Microtia atresia is a rare inherited condition that causes the external auditory canal to become blocked. Unlike most congenital disabilities, there is no known cure. However, remarkable progress has been made in reconstructive surgery for this condition. In this article, we will discuss the HOXA2 mutation, genetic syndromes associated with microtia atresia, and the treatment options available for the patient.
The HOXA2 gene has several rare mutations. Two are predicted to be pathogenic and are associated with severe microtia atresia. The first mutation is highly conserved among species, whereas the second mutation is relatively conserved. The first mutation affects an amino acid within the laminin N-terminal domain. Both mutations result in severe microtia.
The HOX genes encode a group of 60 amino acid proteins that are crucial for sensorimotor circuitry. Mutations cause microtia atresia in HOXA1 or HOXA2. These proteins regulate related biological processes by binding to a 5′-flanking sequence. However, HOXA2 mutations have been linked to various cancer types, and downregulation of HOXA4 in lung cancer cells inhibits their growth and invasion.
Although the evidence that HOXA2 mutations cause Micronesia atresia is robust, further proof will come from identifying additional patients with the faulty gene and functional assays of the mutant protein’s DNA-binding activity. The researchers believe that the HOXA2 gene has a role in developing the palate.
Genetic syndromes associated with microtia atresia
There are several genetic syndromes associated with microtia atresia. Most of these syndromes have a pronounced Mendelian inheritance pattern, but some are multifactorial. No known genes cause isolated microtia, but some have been implicated in associated microtia syndromes. This review summarizes the current literature regarding microtia atresia and discusses its etiology.
In children, isolated microtia usually affects only one side of the ear and is more common in boys. This condition affects one in every 500 births, with the right ear more commonly affected. Bilateral microtia occurs in one in every ten babies. The syndrome is most common in Asian populations, with African Americans least likely to be involved. In addition, it is associated with Treacher Collins syndrome, Branchio Oto Renal Syndrome, and Nager syndrome.
Several genetic syndromes have been implicated in the etiology of microtia atresia. In a study of 27 severe cases, 65 rare heterozygous mutations in 42 genes were identified. Among these, DCHS1 was strongly implicated in the development of microtia-atresia. In addition, several low-frequency and common variants association studies have also identified a genetic mutation in this gene. However, these results do not prove a causal association.
Frequency of consultation for microtia atresia
Microtia is a rare congenital condition in which the outer part of the ear does not develop properly during early pregnancy. This condition is a random event that cannot be attributed to the mother’s actions, genetics, or environmental factors. However, associated factors may contribute to the occurrence of microtia. Consultation for microtia is therefore essential for a variety of reasons.
The IMAW guidelines for the treatment of microtia atresia are based on the opinions of a multidisciplinary group. Therefore, they must be interpreted by practitioners using their medical judgment. Before undergoing microtia atresia surgery, patients must be monitored closely and referred for a consultation if new bone growth occurs during puberty.
Microtia atresia is typically found in boys. One ear is more commonly affected than the other. Bilateral microtia affects one in every ten children. One in 8,000 to ten children is born with microtia, and there is a high chance that the condition will be passed on in a family. Therefore, consultation frequency for microtia atresia is often higher in families where one person has the disease.
While microtia atresia can lead to many difficulties in the child’s development, the good news is that there are several treatment options available. The first and most popular option is rib cartilage reconstruction, which involves harvesting tissue from the child’s chest and using it to build an outer ear.

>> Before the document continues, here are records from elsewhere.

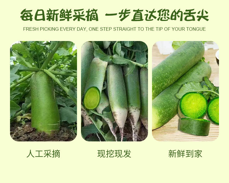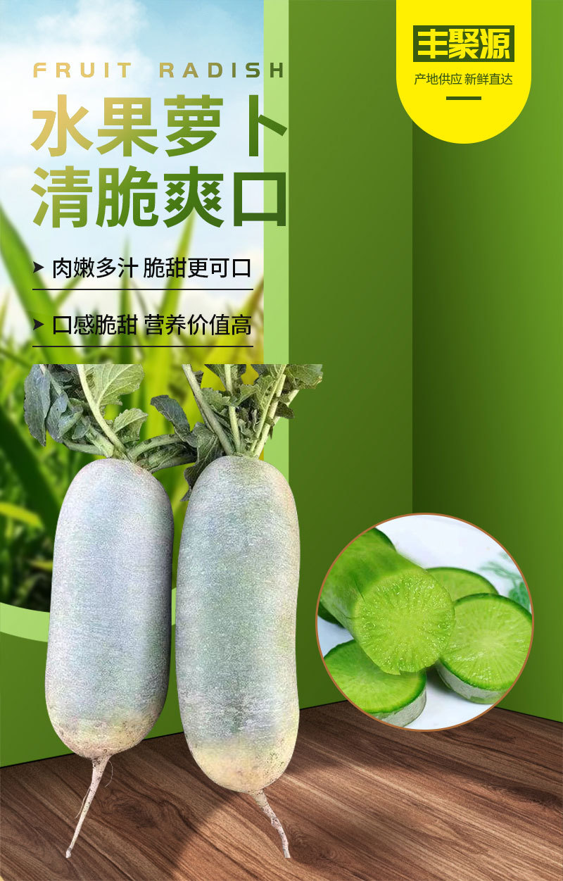 青岛丰聚源农业科技有限公司发布的山东潍坊青萝卜 正宗潍县萝卜 新鲜甜脆生食现挖现发翠绿水果萝卜图集库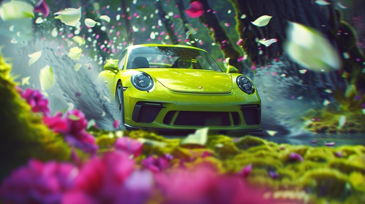 Создано на основе запроса: a neon yellow Porsche 911 gaining speed, wind pushing flowers back, moss and petals moving with airflow, motion blur increases, dramatic front angle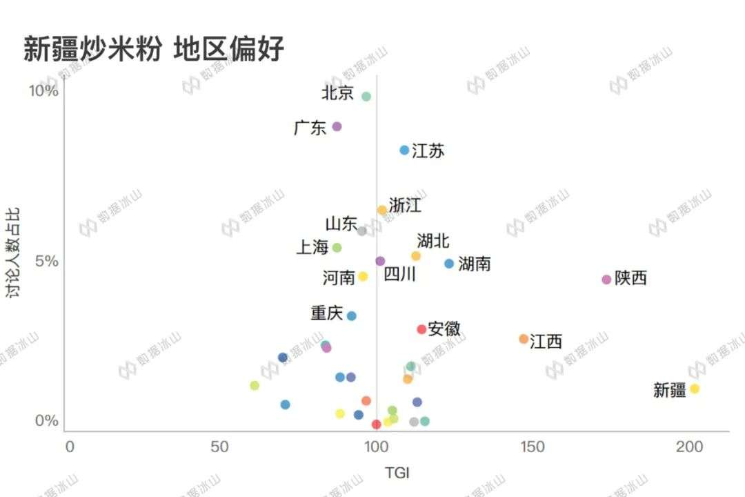 具体来看新疆炒米粉的情况,可以发现,虽然新疆的TGI超过了200,占据了绝对主导位置,但其他地区的接受程度也不低。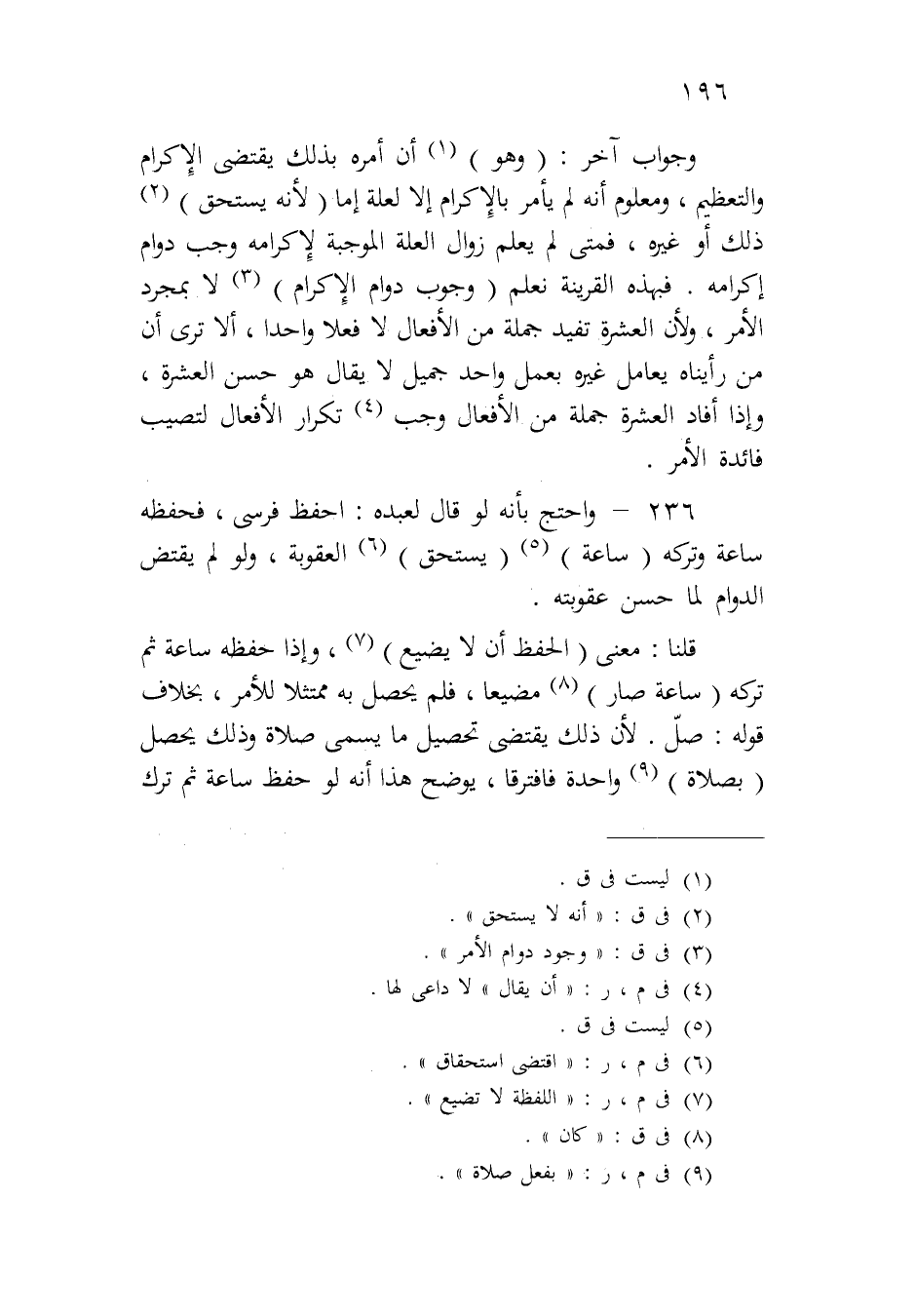 ٢٣٦ - واحتج بأنه لو قال لعبده: احفظ فرسي، فحفظه ساعة وتركه (ساعة) (يستحق) العقوبة، ولو لم يقتض الدوام لما حسن عقوبته.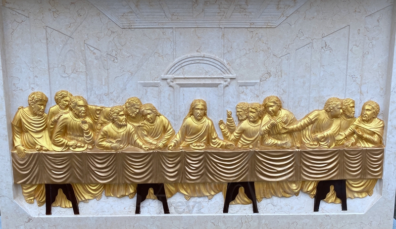This catholic marble altar is custom-made for one of our clients. According to his request, we carved Leonardo da Vinci’s masterpiece, The Last Supper, in front of the altar, and chose gray and white in line with the overall color. The columns on both sides are decorated with beige. The whole is harmonious and perfect. Customers could be satisfied with this. Also, we have carved The Last Supper in gold for other clients before. These are two different styles. But all have satisfactory results.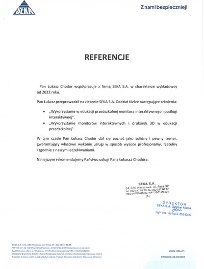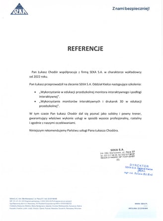 Potwierdzenia wykonanych szkoleń i warsztatów.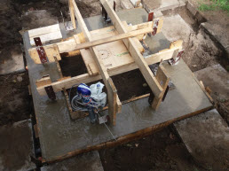 Warum einen Betonmischer leihen, wenn es auch anders geht Prototyp aus Säulenbohrmaschine, Oberfrästisch, Maurerkübel und Feuerkorb. Als Plan B lag Vater's alte Metabo bereit - kam aber nicht zum Einsatz. Der improvisierte Micher hat tatsächlich funktioniert.Die 8 Betonanker sind mit einem Winkel von 87° bereits in die Verschalung integiert, Das Leerrohr für 230 V, LAN, und Datenkabel ist auch schon im Fundamentbereich fixiert.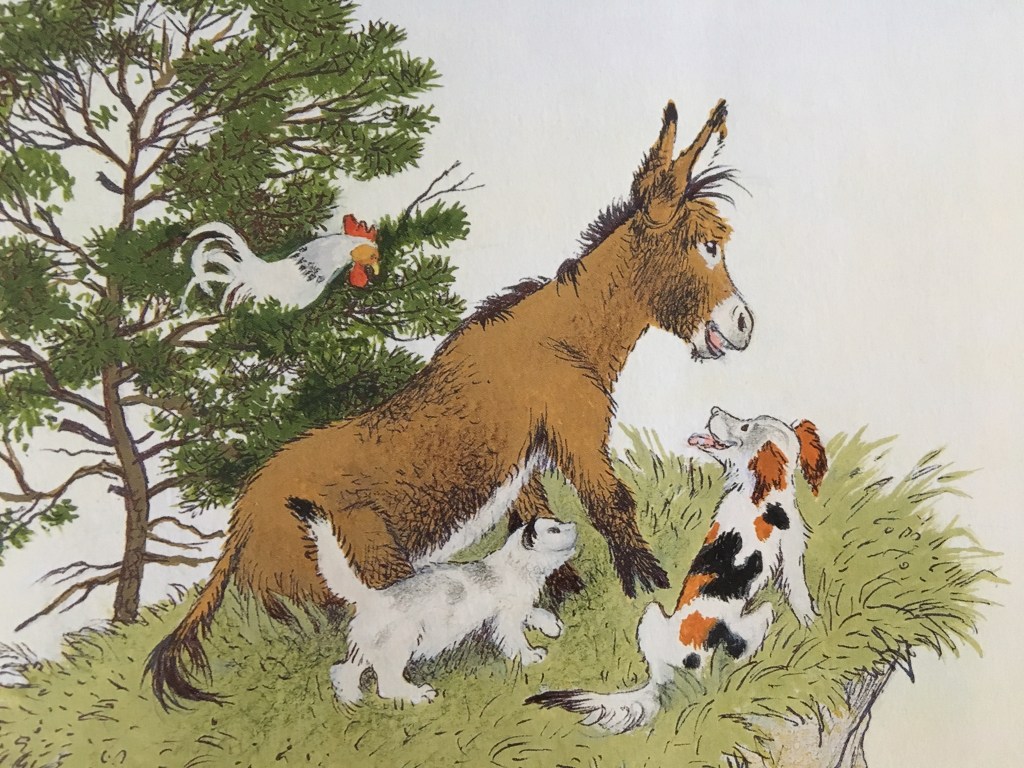 Dieser Märchen-Klassiker der Brüder Grimm erzählt die Geschichte von vier Tieren (Esel, Hund, Katze und Hahn), die sich aus ihrer misslichen Lage heraus entscheiden, gemeinsam nach Bremen zu gehen, um dort Stadtmusikanten zu werden. Damit ist dieses Märchen übrigens das einzige, das einen Stadtnamen im Titel führt. Wie die Geschichte weitergeht, ist bekannt: Die Vier entdecken ein Haus im Wald, in dem Räuber gemütlich essen, vertreiben sie mit allerlei Geschrei und als diese versuchen, später wieder in das Haus einzudringen, schaffen sie es mit vereinten Kräften, die Räuber endgültig in die Flucht zu schlagen.
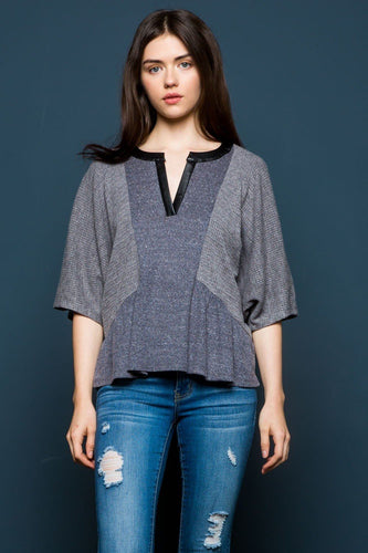 Contrast Dolman Top with Leather Neckline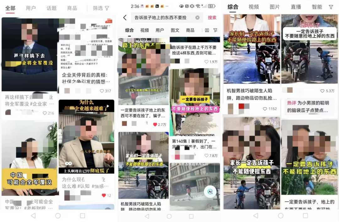 部分用户发布未经证实的社会事件或摆拍内容,引发关注。如某短视频平台出现大量“告诉孩子地上东西不要捡”的视频,文案雷同,摆拍痕迹明显。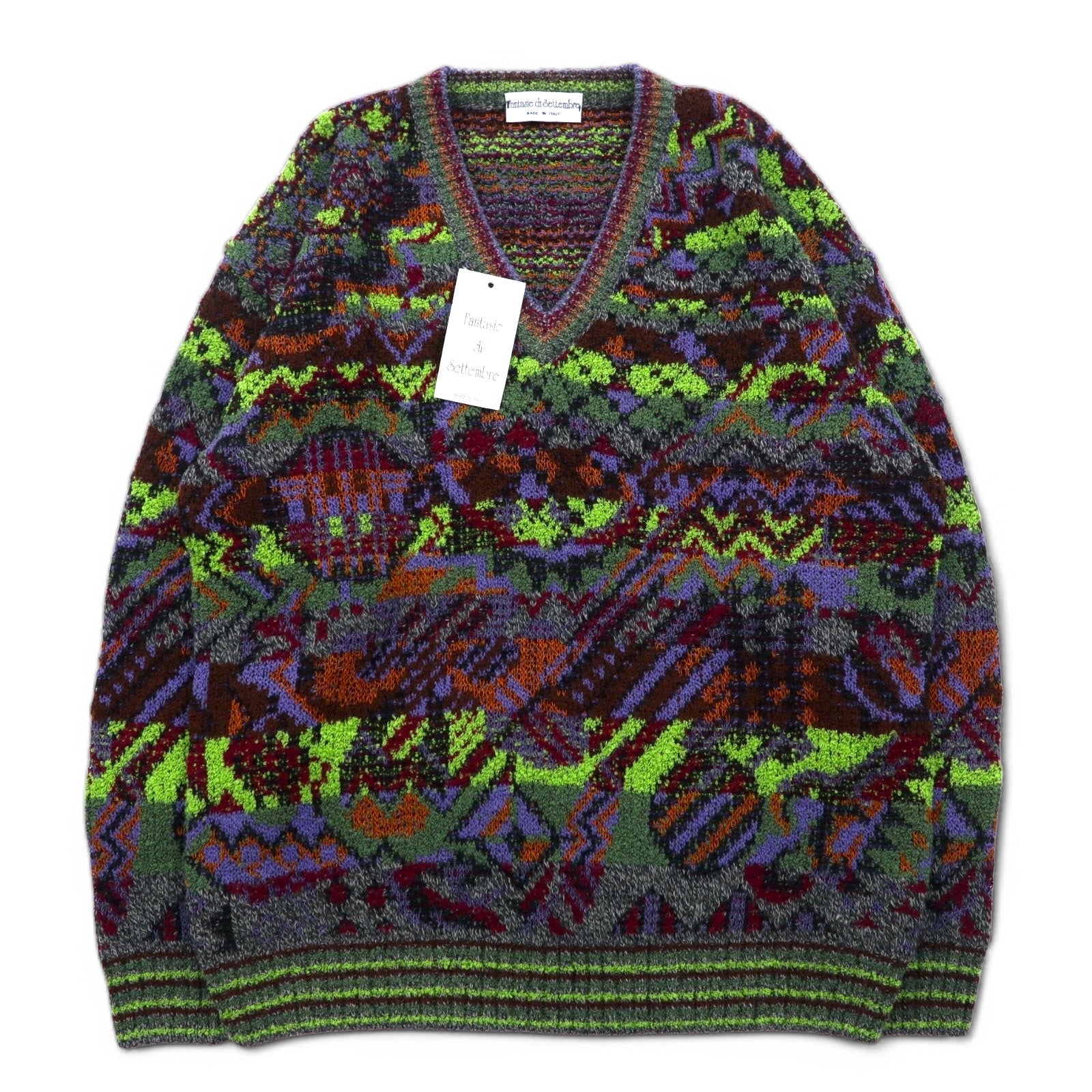 Fantasie di Settembre イタリア製 90年代 総柄 ジャガード ニット セーター L マルチカラー デッドストック 未使用品

However, this surgery is not an option for infants and children younger than eight years since the process can cause chest deformity.
Another option is canal reconstruction surgery if the atresia is not severe enough to warrant a skin flap. Porous polyethylene microtia repair may be performed in children under five years of age. However, before completing a polyethylene repair, the child must have a canal reconstruction. In addition, if the surgery is performed after the polyethylene graft has been implanted, there is a risk of infection or extrusion of the graft.